WHAT TO DO.
Begin with the line holding "击败这个NPC以后,我们可以" and end with the last line of the records below. Set down exactly those lines and leave out every picture.

SUPPLIED DATA.

..........

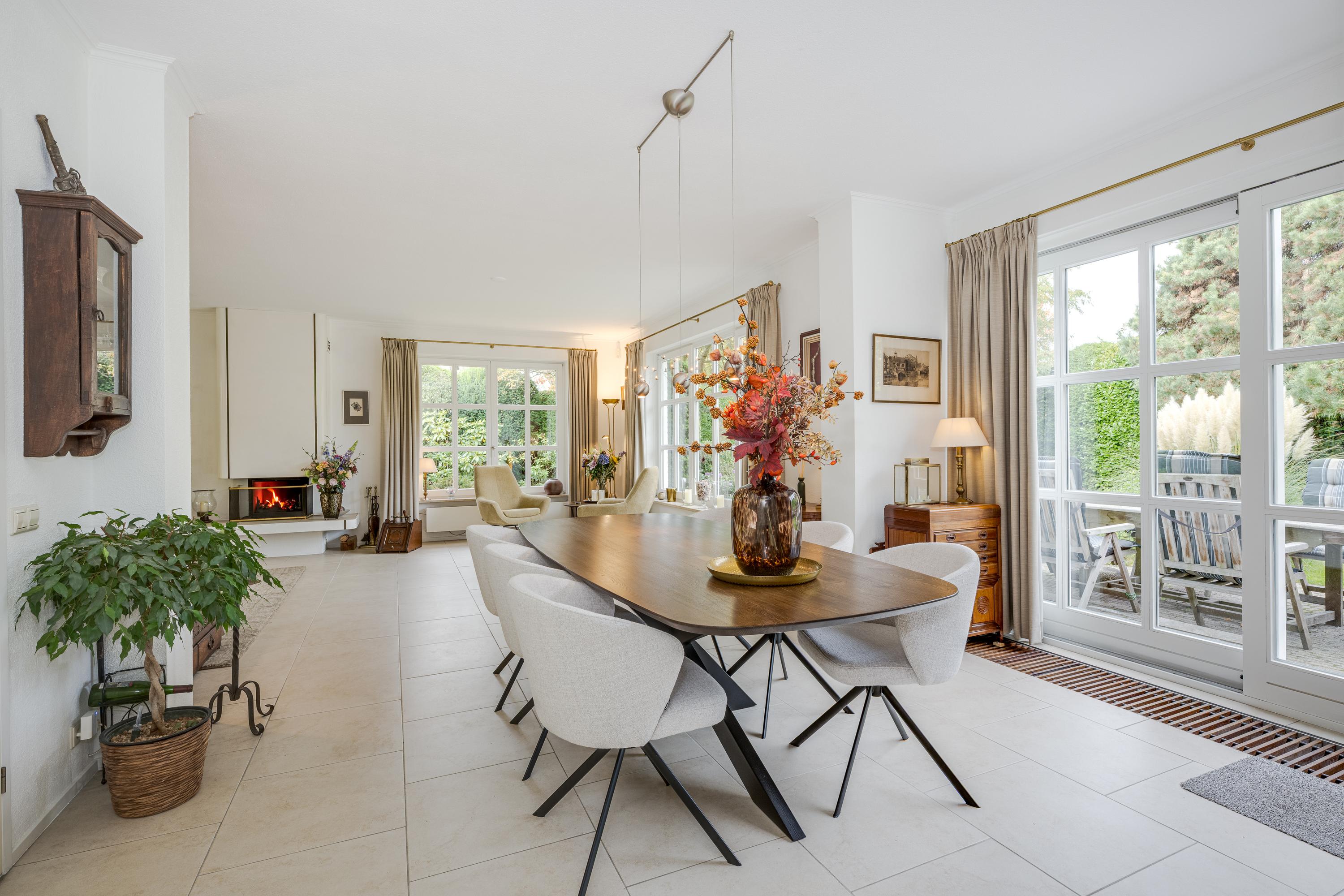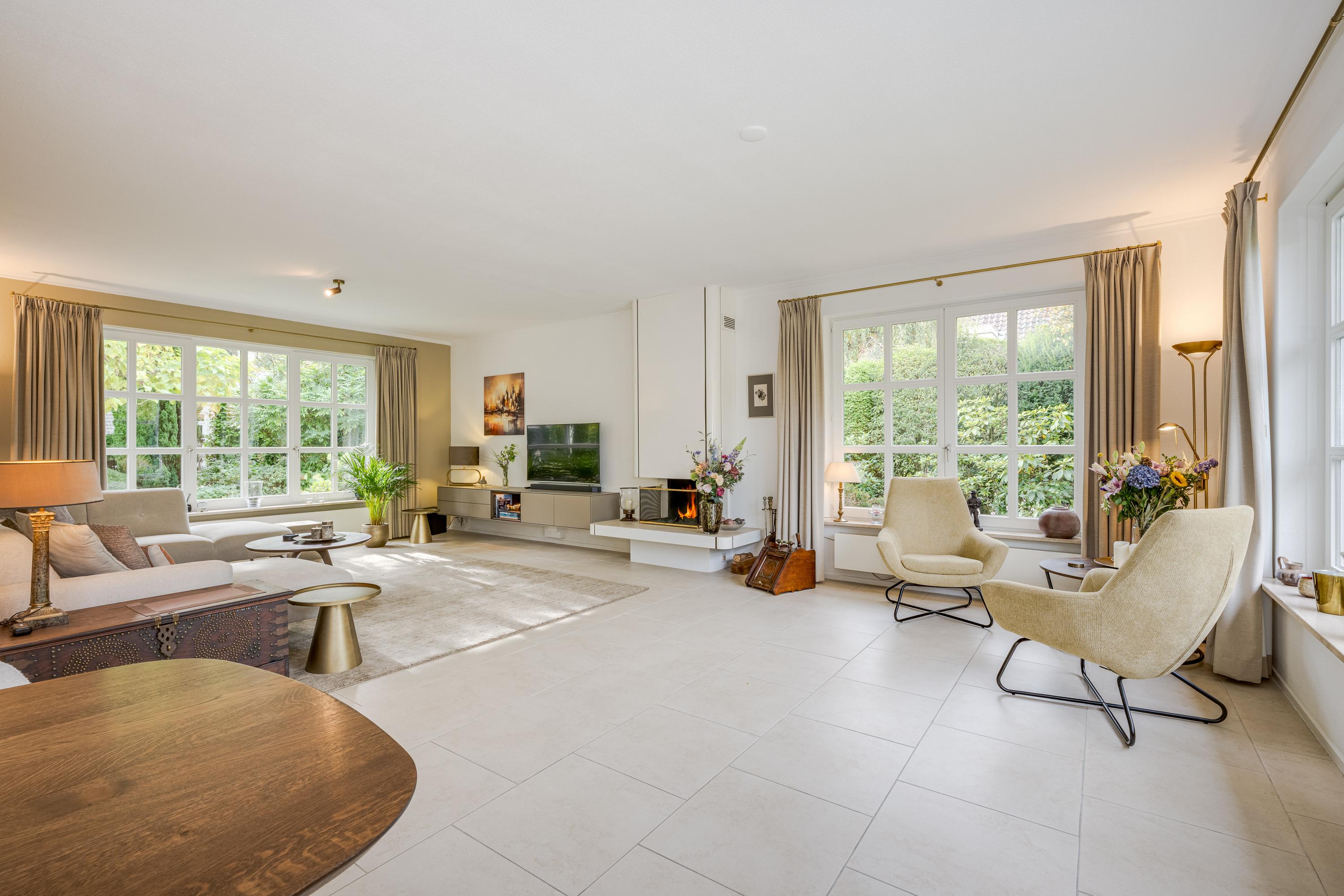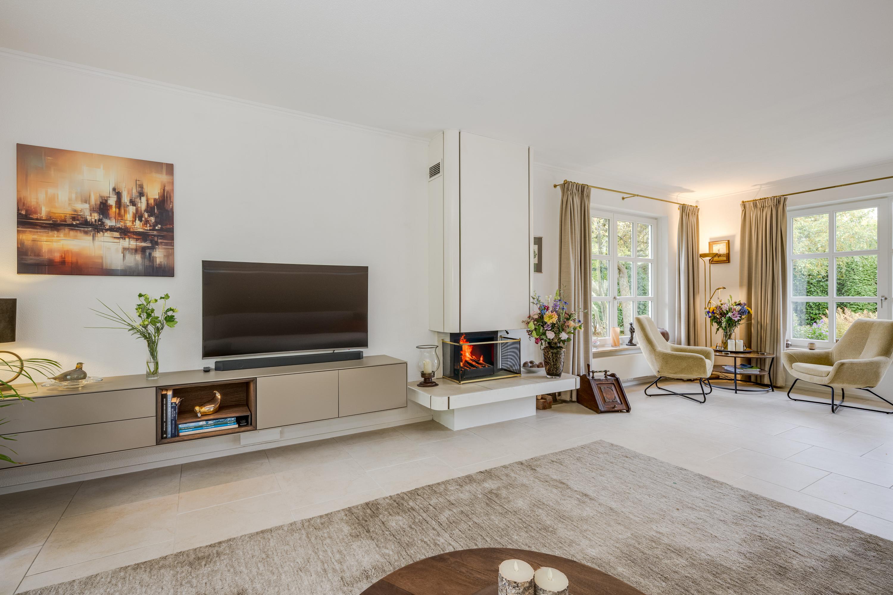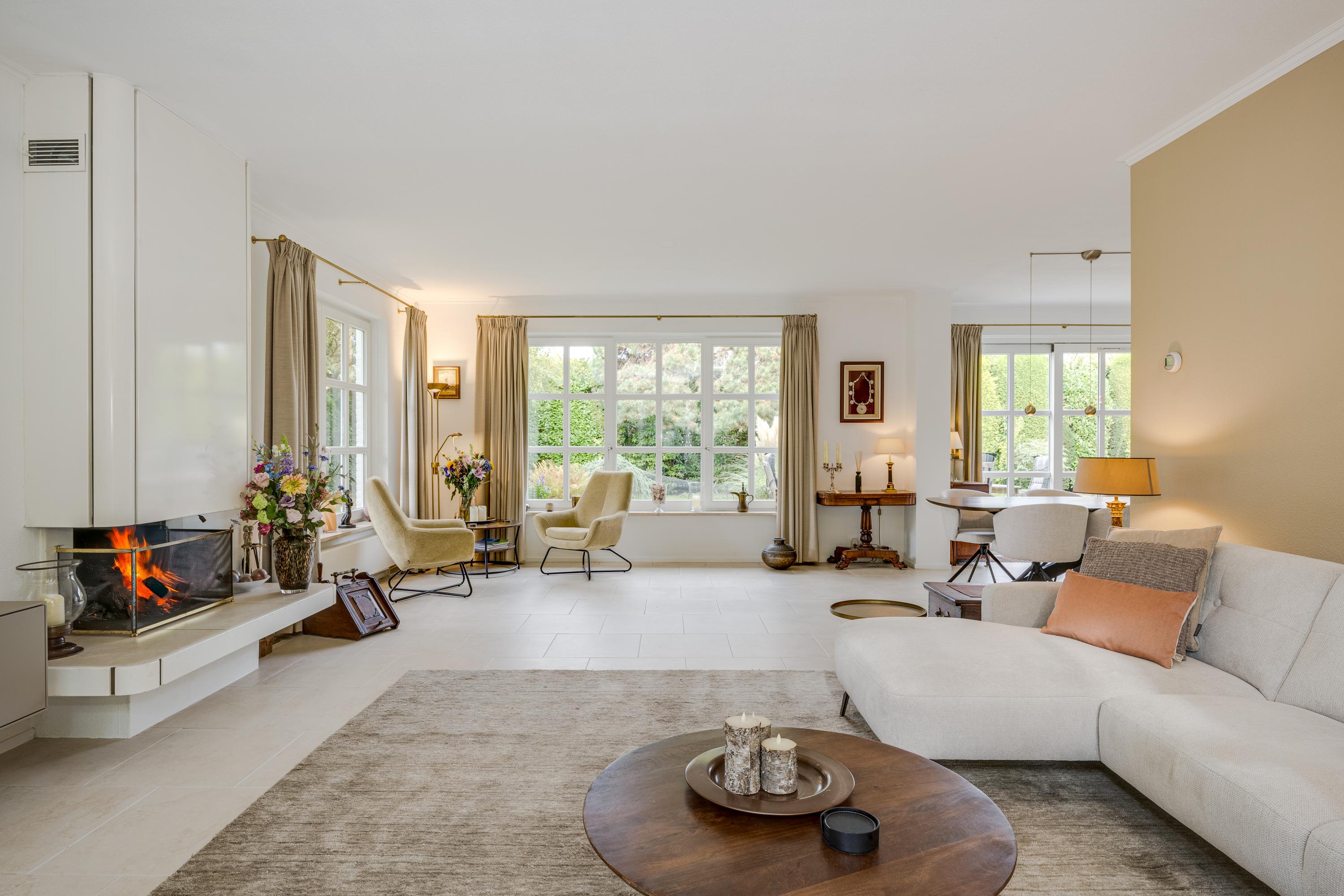 Entree met ruime hal, toilet en garderobe. Dubbele deuren geven toegang tot de lichte en riante woon-/eetkamer van ca. 55 m², met grote raampartijen, een schuifpui naar het terras en een sfeervolle houtgestookte open haard.
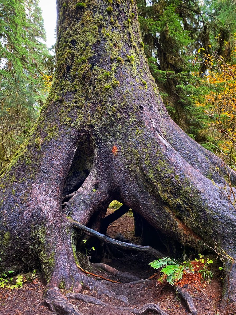 There is so much ground cover in the forests of Olympic National Park that seedlings do not have much of a chance if they land on the forest floor. There is little free soil and they are competing for resources. Many trees begin life on fallen trees that become know as nurse logs. The young trees use the nurse logs to gain an advantage over the other seedlings. The nurse log eventually rots away and these massive trees are left with a tunnel through their trunk and roots.
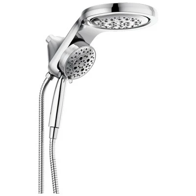 A Delta® HydroRain® H2Okinetic® Two-in-One Shower Head with hand shower completely transforms your shower with dual shower head functionality, featuring an integrated raincan and hand shower. The power of the raincan and hand shower together creates an immersive, spa-like showering experience that you can install in minutes to a standard shower arm, without altering the plumbing behind the wall. The integrated hand shower stays put every time you dock thanks to MagnaTite® Docking and provides maximum flexibility and control when you need it, while the H2Okinetic PowerDrench® Spray feels like more water, warmth and intensity without using more water. Don’t just take a shower, transform it, with a Delta HydroRain Shower Head. While other products may gather unsightly mineral build-up over time, Delta soft rubber Touch-Clean® spray holes allow any mineral residue to simply be wiped away for an instantly refreshed look – with no need for soaking or the aid of chemical cleaners. The pause setting gives you ample space for shaving, lathering and other shower tasks, without worrying about overspray or water waste. This spray setting helps you conserve water, so you can worry less about depleting your supply of hot water – and you help the environment too.
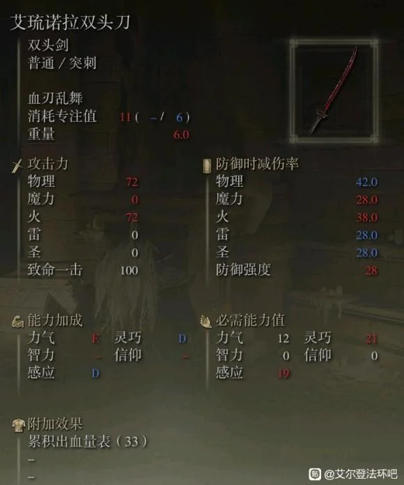 击败这个NPC以后,我们可以得到她的双头剑,外观十分炫酷,这把武器同样也是这个支线的独特物品,过了这村没这店,贴一下这个武器的属性和外观
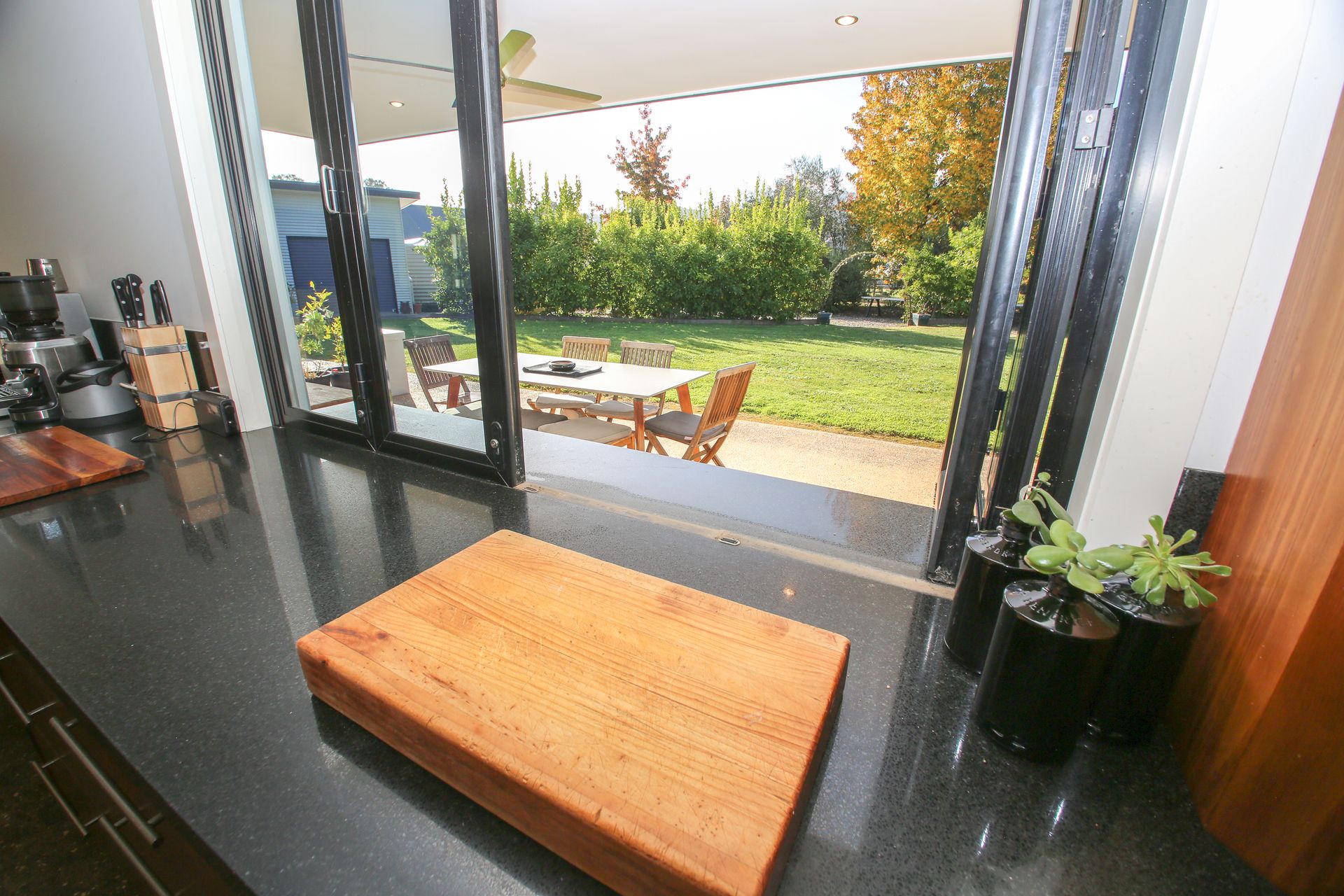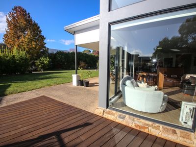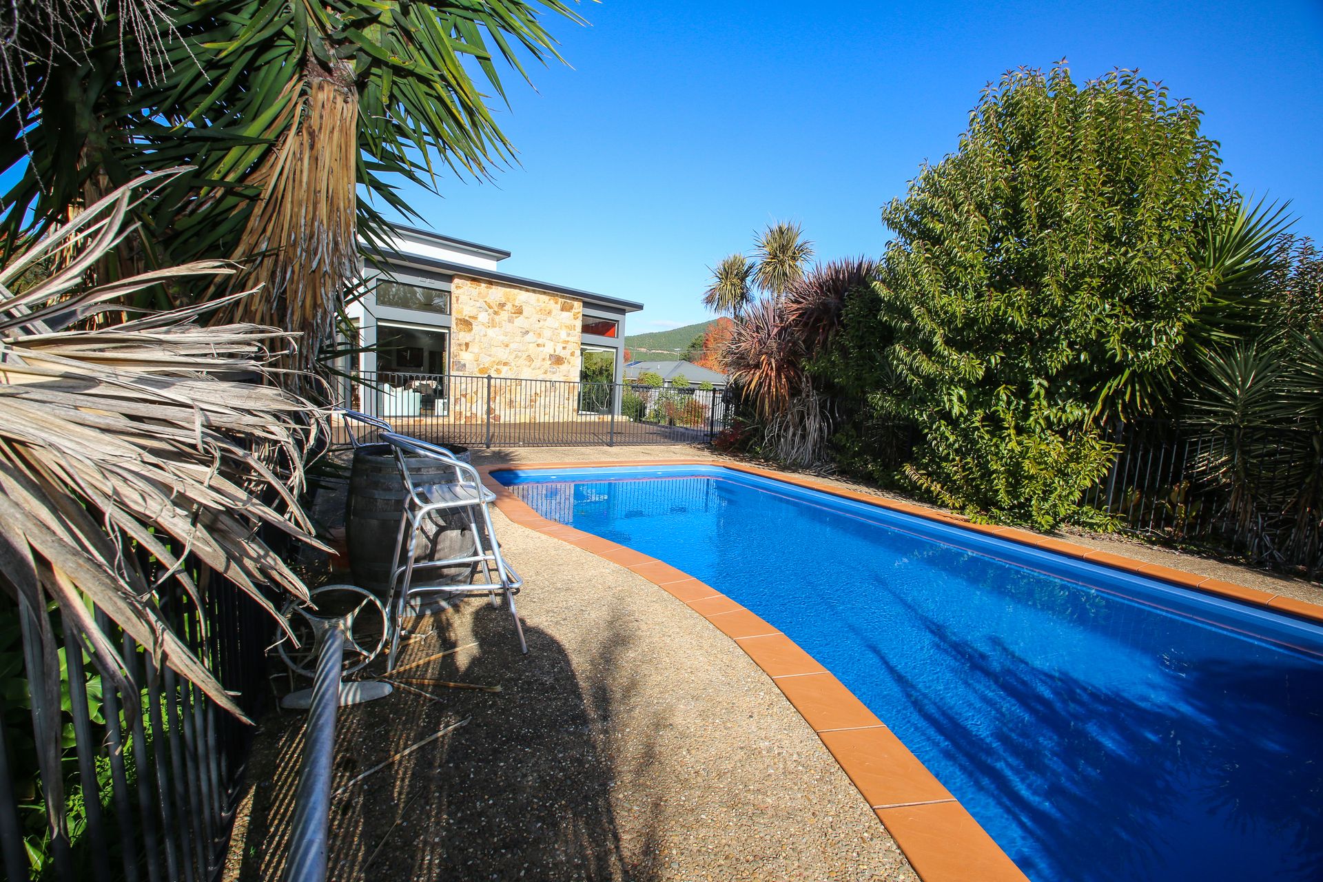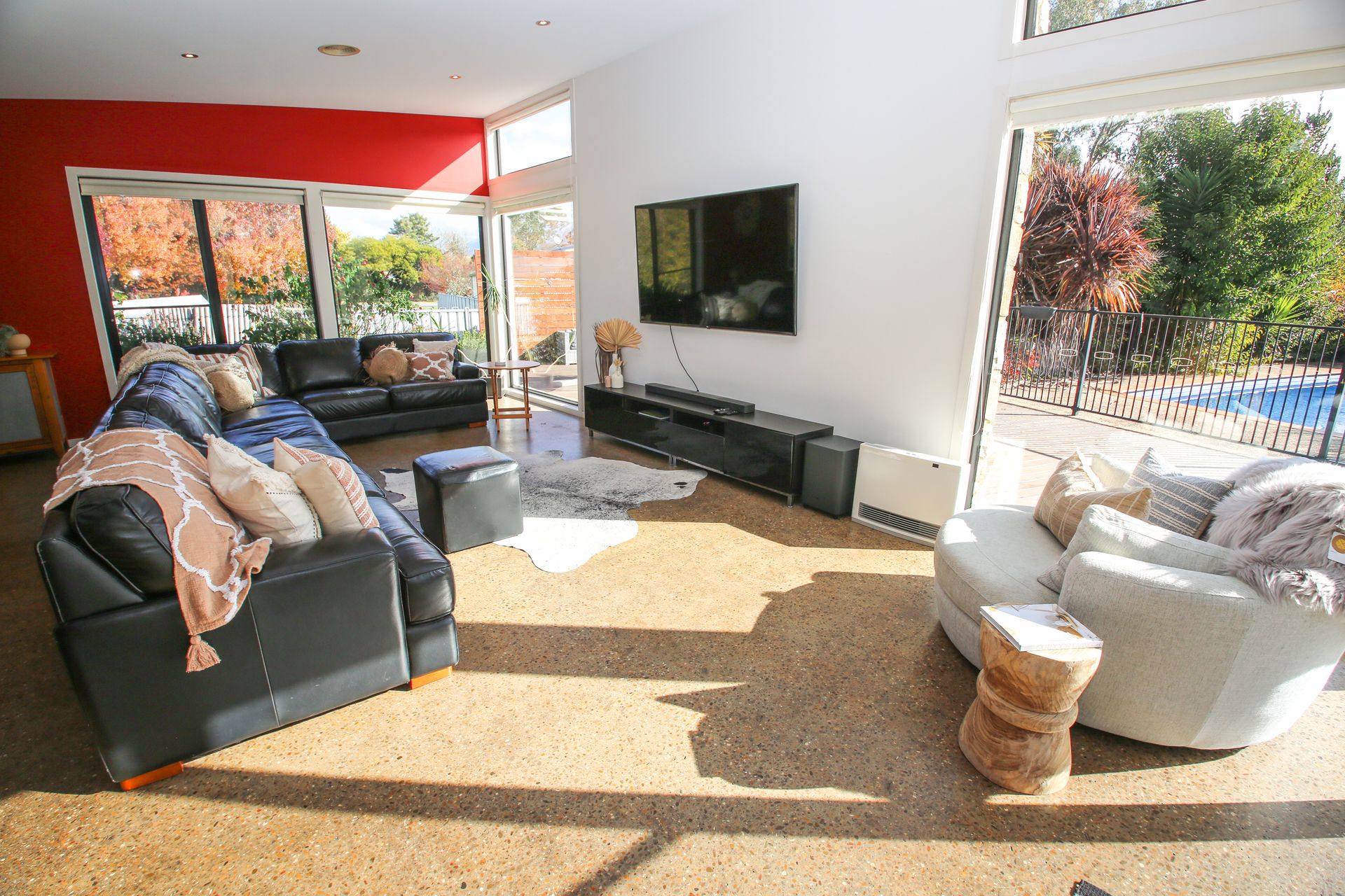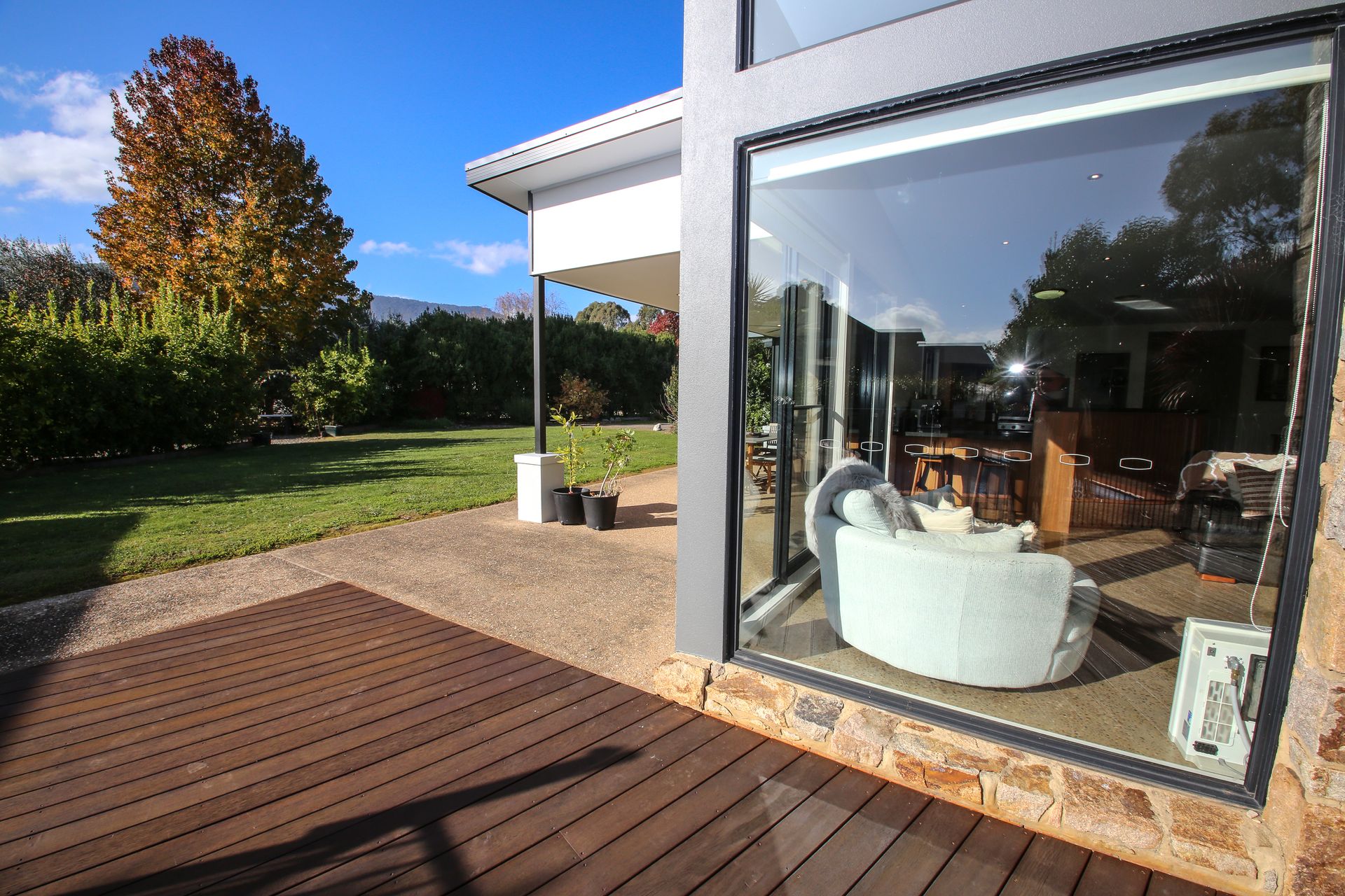 Picture windows, glass sliding doors and a kitchen servery window, all lead out to the gardens, alfresco area, BBQ & swimming pool areas, making this home an entertainer’s paradise for family and friends to come together for their next holiday in Porepunkah.

..........

ANSWER TO THE EXERCISE.
 击败这个NPC以后,我们可以得到她的双头剑,外观十分炫酷,这把武器同样也是这个支线的独特物品,过了这村没这店,贴一下这个武器的属性和外观
 Picture windows, glass sliding doors and a kitchen servery window, all lead out to the gardens, alfresco area, BBQ & swimming pool areas, making this home an entertainer’s paradise for family and friends to come together for their next holiday in Porepunkah.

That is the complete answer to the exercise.